XAI

The eXplainable AI (XAI) is a way to make AI models more transparent, allowing the user to go beyond their intuitions about how the model works and use SOTA techniques to look under the lid. We focus on feature attribution methods as the foundation for the XAI module.

Methods

As a backbone for the XAI module, we use Python’s `Captum < https://captum.ai/>`_ library, a well-known open-source library for model interpretability built on PyTorch, that efficiently implements the majority of the attribution methods proposed in literature. Here are Captum’s attribution methods that are currently supported in the AIDE toolbox:

Saliency one of the simplest attribution methods, computes the gradient of the output with respect to the input, hence providing the coefficients of a version of the model that has been linearized at that given input point.
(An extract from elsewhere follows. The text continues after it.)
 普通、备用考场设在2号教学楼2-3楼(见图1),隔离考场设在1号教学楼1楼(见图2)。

Therefore, the magnitude of the gradient indicates which pixels need to be changed the least to affect the output the most.
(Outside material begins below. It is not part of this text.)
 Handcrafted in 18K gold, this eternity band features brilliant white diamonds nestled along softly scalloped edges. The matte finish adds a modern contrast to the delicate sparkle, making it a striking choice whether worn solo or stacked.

InputXGradient computes the total contribution of a feature to the linearised model’s output by multiplying the saliency by the input values.
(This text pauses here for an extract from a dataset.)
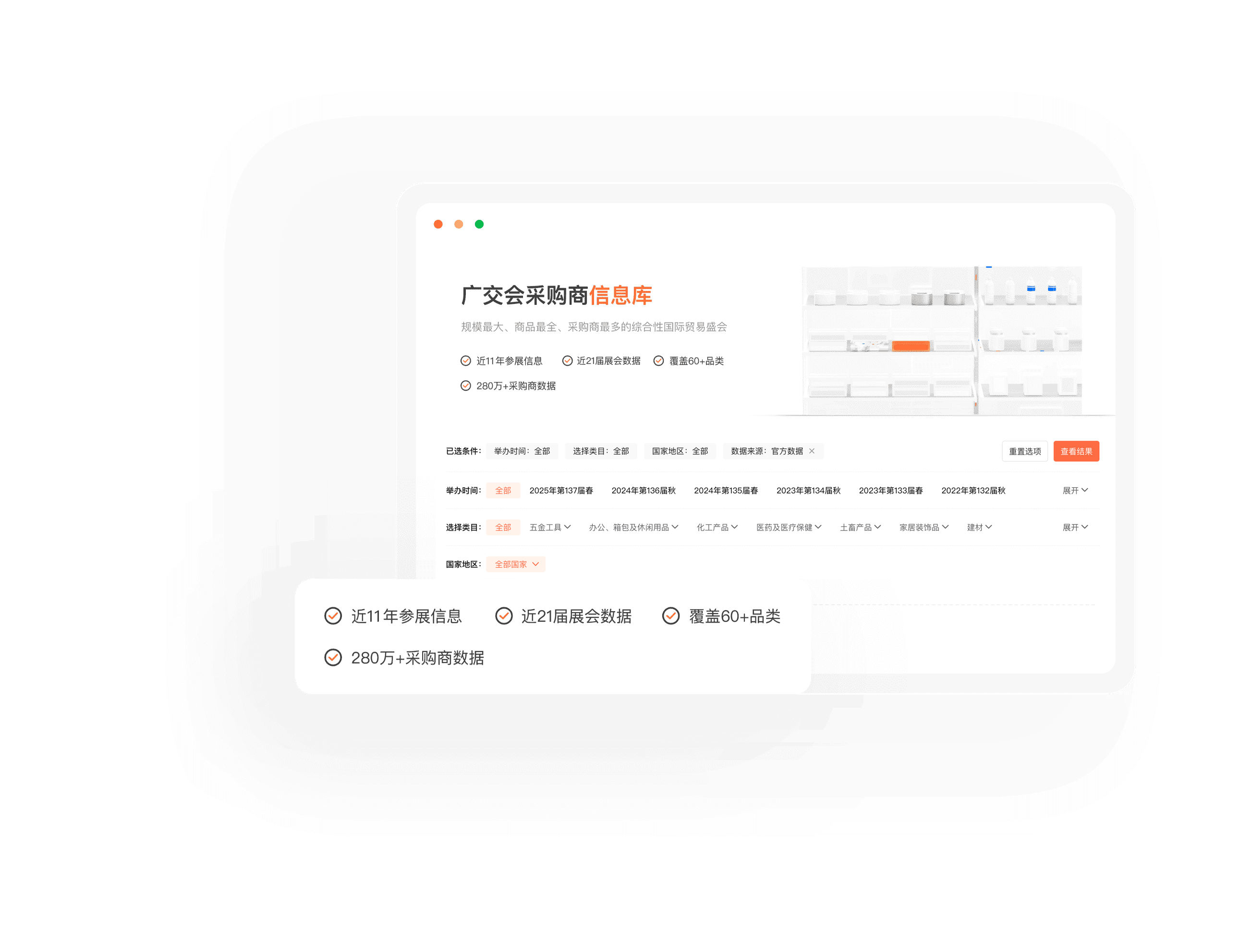 60+品类,超280万+家采购商数据,提供多重联系方式,无需参展,一键检索目标商家。

IntegratedGradients wherein attributions are computed as the integral of the gradients of the outputs with respect to the inputs along the path from a given baseline (e.g., 0) to the input.

FeatureAblation is a simple perturbation-based method, consisting of replacing each input feature with a given baseline value (e.g., 0), and computing the difference in output, hence considering a feature more important the more the prediction suffers as this feature is replaced.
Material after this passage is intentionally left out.